While the community of subscribers to EIES, The Source, Compuserve, Dow Jones, and other information utilities is still small enough to keep the costs of services high, the inevitable growth of telecomputing population from tens of thousands to millions, spurred by the proliferation of modem-equipped home computers is sure to lower the price enough to make it possible for more Floyd Flanagans and David Hughses to experiment with their electronic magazines. But the big info-utilities are not the only kind of on-line community in existence. At the same time that the larger utilities seek to plug individual subscribers together into what is essentially a centrally controlled time-sharing technology, a different way of interconnecting computers is giving birth to an even wilder mutant of network culture — the computer-based bulletin boards.

A computer bulletin board system, often called a CBBS, or simply a BBS, consists of a computer controlled by special software and the hardware needed to connect it to an ordinary telephone line. The software enables a small host computer to automatically answer when its telephone number is dialed, and transmit and receive messages to and from remote computers. By leaving such a system hooked up continuously, and posting the access number in one or two places, the grapevine takes care of the rest. Come back and read all the messages a week later and you'll discover that a community has created itself.

The first software that enabled microcomputer owners to set up CBBS was created by Ward Christensen and Randy Seuss, in Chicago, in 1978. By 1984, the number of such systems is difficult to determine, but it must at least be in the hundreds, and probably will soon be in the thousands. To connect to a BBS, you need a personal computer, a modem, telecommunication software, and a telephone. Plug the telephone into the modem, use the communication program to dial the BBS number, then when the computers are connected, the host system will put words on your screen and tell you how to work the system.

Most people know of these systems, and the underground community of users, because of the movie WarGames, television programs about computer whiz kids, and publicity about dark-side hackers. In fact the community has changed so swiftly that piracy, phone-freaking, destructive hacking, and even obsessive interest in how computers work now occupy only a small part of the BBS scene. Many bulletin boards have been in existence for years, but even more seem to spring up and die out on a weekly basis. In my own limited sampling of the BBS world, over the span of a few months, I encountered teenage philosophers, homespun lecturers of all ages and both sexes willing to ramble about any topic you'd care to name, and I even stumbled onto a couple of on-line religions, both cybernetic and pagan.

I met Clyde Ghost Monster one night out in the bulletin board zone, and Clyde ultimately turned me on to the number that led me to the on-line religion. It started the way it usually does when you browse the boards. A list of bulletin board numbers had led me to a list of bulletin board numbers that led me to another lively discussion group called "Sunrise" in New Jersey, consisting of random drop-ins from anywhere in the country, like me, and a core group, mostly local, who seemed to know each other, and who spent hours trading messages about utterly anything at all.

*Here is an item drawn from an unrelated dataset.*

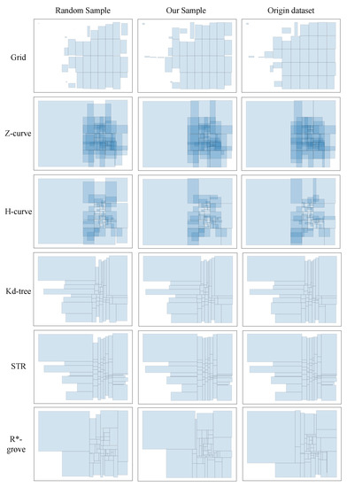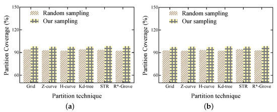 Figure 5 and Figure 6 show the advantages of the histogram bucket sampling method when using six common partitioning techniques for spatial big data partitioning on synthetic datasets and trajectory datasets, respectively. As shown in Figure 7, since the histogram bucket sampling method generates a wide range of data partitions when sampling the dataset. Thus, in each partition generated by the histogram bucket sampling method, the obtained partition coverage is much higher than that obtained using the random sampling method. Therefore, the histogram bucket sampling method is more efficient when processing large spatial data partitions.

While some boards are strictly for hackers or computer enthusiasts or science-fiction freaks or sex freaks or peace types, Sunrise appeared to be a kind of electronic cracker-barrel store crossed with a public restroom wall. I joined Sunrise as "Johnny Jupiter" when I decided to add my two cents to a very funny ongoing conference that consisted of nothing but lists of "my favorite people." You can say a lot with just a list of people, the Sunrise community discovered one night, when "Ivan Idea" started it all by posting the first list. The creators of the lists that followed within hours signed themselves with names like "Tater Tot," "Clock Speed," and "Clyde Ghost Monster."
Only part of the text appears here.